First, the quasi-static compression simulation analysis is carried out for the monolayer Miura-ori unit in Figure 3D and the mirror metamaterial unit in Figure 4A. The geometric parameters of the structure are as follows: $a=20\mathrm{m}\mathrm{m}$, $b=20\mathrm{m}\mathrm{m}$, $h=1\mathrm{m}\mathrm{m}$, $\phi =45°$, $\gamma =100°$. The top rigid plate compresses the structure downward at the speed of 1 m/s. In this case, the kinetic energy and internal energy ratio of the model are less than 0.5%, which can be seen as quasi-static compression. Other settings of the simulation model, such as material parameters, are described in the above.
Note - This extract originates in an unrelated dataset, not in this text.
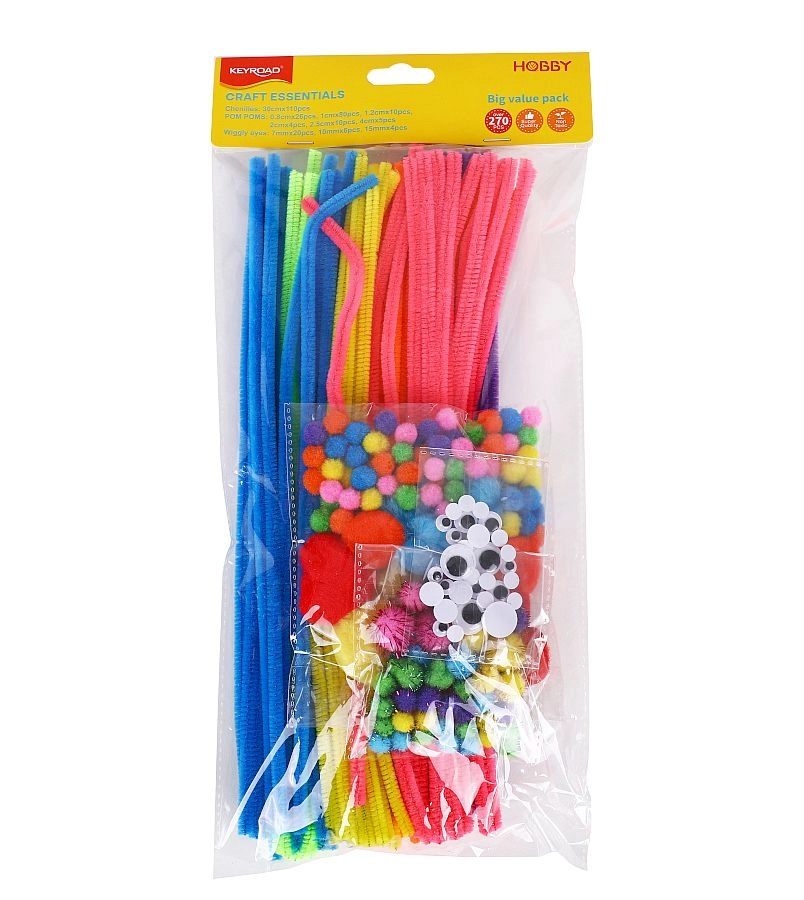 Praktikus készlet pomponokkal, szőrös drótokkal és öntapadó szemekkel számos színben és méretben. Tökéletes kiindulópont tucatnyi kreatív ötlethez.

The quasi-static compression force of the top rigid plate on the single-layer folded structure and the mirror folded structure is extracted respectively, and the equivalent stress is obtained by dividing it by the equivalent compression area of the structure. The equivalent strain is obtained by dividing the compression deformation distance of the structure by the length in the compression direction. The equivalent stress-strain curves are shown in Figure 6. In this case, strain is a dimensionless physical quantity. The quasi-static compression process can be divided into three stages according to the stress-strain variation law. In the first elastic stage, the stress increases rapidly to a peak with the increase of strain. In the second plastic stage, the stress platform appears and all the elements of the mirror folded metamaterial are compressed. Until all elements of the structure cannot be compressed again, the densification stage is entered, and the stress of the structure increases rapidly. The plastic yield stage of the structure corresponds to a large range of strain, high and stable stress, which is the main stage of energy absorption. The peak stress and platform stress of the mirror folded metamaterial are higher than that of single layer Miura-ori, which helps to improve the energy absorption ability.

FIGURE 6

FIGURE 6. The equivalent stress-strain curves under in-plane quasi-static compression.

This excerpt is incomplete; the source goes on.